Keywords:
capillary;erythrocyte;flow resistance;glycocalyx;red blood cell;theoretical models
ABSTRACT
Objective: A theoretical model is used to examine the mechanics of red blood cell (RBC) motion in nonuniform capillaries. The model includes effects of the endothelial surface layer (ESL), which is a layer of macromolecules adjacent to the endothelium and which impedes plasma flow.

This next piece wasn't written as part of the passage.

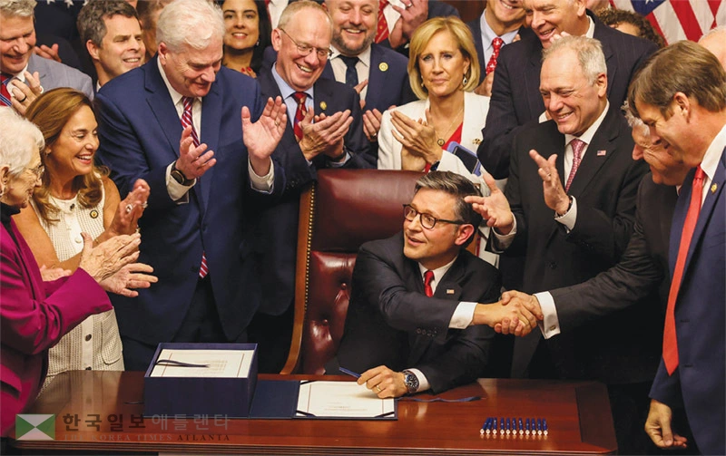 ![마이크 존슨 연방하원의장이 3일 공화당 의원들이 박수를 치는 가운데 연방 하원에서 통과된 트럼프 감세법안에 서명하고 있다. [로이터]](/image/fit/284706.webp)
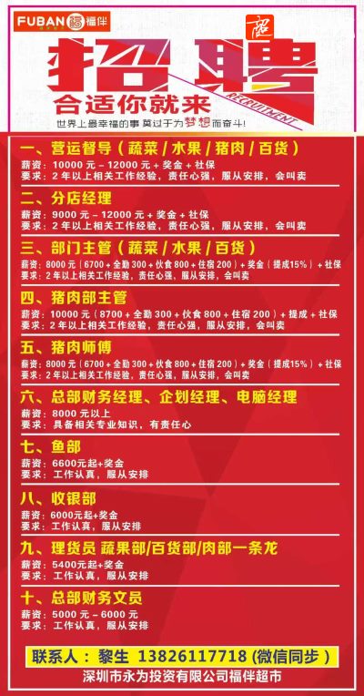 2000㎡中山连锁超市招聘店长等职位!

Methods: The motion of an RBC traversing a capillary with diameter varying sinusoidally between 5.4 µm and 7.4 µm is simulated numerically. The ESL is assumed to be 0.7-µm wide and deformable. Axisymmetric RBC shapes are assumed. Lubrication theory is used to analyze the motion of plasma around the RBC and through the ESL.
Results: In a nonuniform capillary with no ESL, moving RBCs undergo large transient deformations and predicted flow resistance is substantially higher than in a uniform capillary with the same mean diameter. The presence of a deformable ESL reduces the transient fluid shear stresses and deformations experienced by RBCs traversing a nonuniform capillary. With an ESL, the increase in flow resistance resulting from nonuniformity is less than twofold versus three- to fourfold with no ESL in vessel geometries with the same ESL-free luminal region.
Conclusions: The presence of the ESL reduces the impact of capillary irregularity on flow resistance and may protect RBCs traversing irregular capillaries from damage due to large, rapidly fluctuating external stresses.